The Largest Name in Retail Continues to Grow
Amazon.com (AMZN) recently announced it’s taking over the trendy supermarket chain, Whole Foods. At the beginning of this year I wrote an article which included a prediction that this would happen. Maybe Amazon’s CEO Jeff Bezos got the idea from reading my blog. 🙂
Whole Foods sells healthy, organic products. Most items in the stores can be expensive, but if you want to grab a quick and healthy lunch, you can buy half a pizza for $7 CAD, which isn’t bad. I remember my first time visiting Whole Foods. I didn’t really know what it was so I had no idea what’s in store. 😉 But after going in I quickly understood why the retailer attracts so many yuppies and hipsters like myself. Shopping there is an experience. 😀
This acquisition is a very good deal for both companies. Whole Foods Market Inc has been suffering from declining same-store sales year after year. Whole Foods stock (WFM) peaked in 2013 and has been falling every year since. 🙁 So it needs a larger company to help turn things around. Amazon has already been experimenting with grocery stores since last year with its Amazon Go project. The idea is consumers can walk into a store, buy the food they want, and leave without lining up or checking out.
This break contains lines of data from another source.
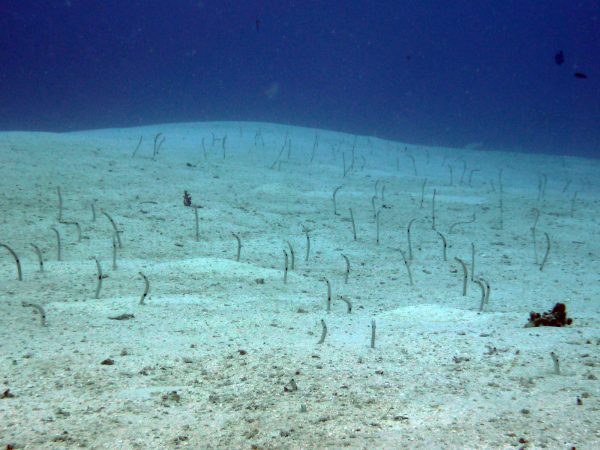 気持ちよく流れされていると綺麗な砂地が広がっています。 そこには元気なガーデンイールが、
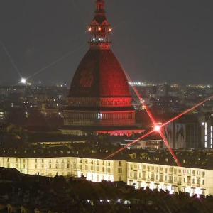2月10日晚,意大利都灵的地标性建筑安托内利尖塔点亮“中国红”和“福” 字,庆祝中国春节。
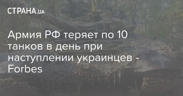 Россияне теряют в среднем по 10 танков в день при контрнаступлении украинцев, тогда как ВСУ лишаются всего по 2 танка за сутки, пишет Forbes.
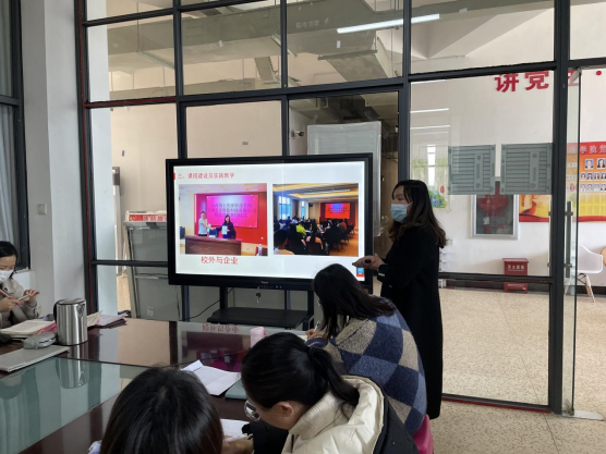 机电设备技术专业群教研室负责人邹艳红从专业群本年度的专业人才培养、1+X证书考评情况、团队进修与培养培训、实践教学及课程建设等方面进行了汇报。她指出本年度机电专业群最大的收获是成功申报了省级精品课程,并提出后期还会继续鼓励师生积极参加各类技能大赛,同时加强专业教材、实训室的建设。
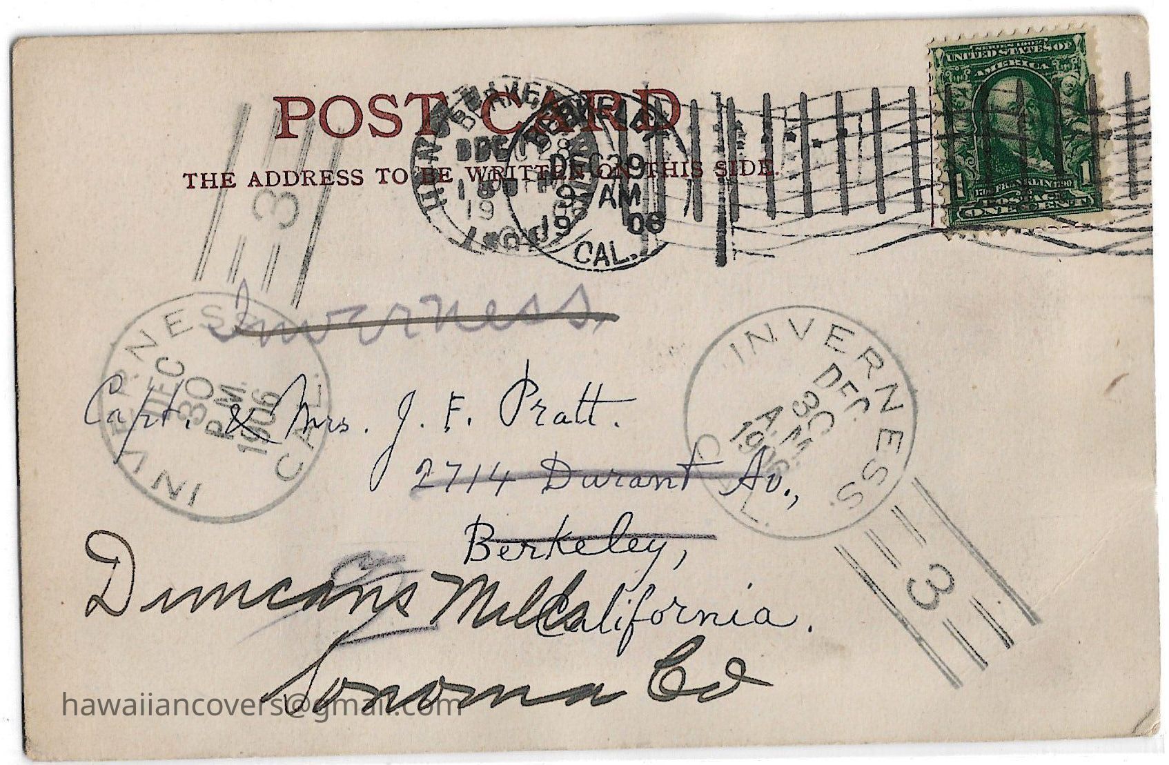 Signed Postcard by W. D. Alexander - Dec 1906 addressed to J. F. Pratt

The in-store scanners do everything automatically so people can just walk out of the store and get charged the correct amount. It’s a really neat concept, but the service is only in the U.S. for now. By merging with a grocery chain, Amazon can expand its grocery business, and can also transform unused Whole Foods real estate into Amazon warehouses. 🙂
Whole Foods stock is up about 25% in the last 5 trading days and now sits at $43. Amazon stock is now at $1,002 per share. I like shopping with both retailers, and I look forward to see how they collaborate.
Disclaimer: I own 10 shares of AMZN, and no shares of WFM.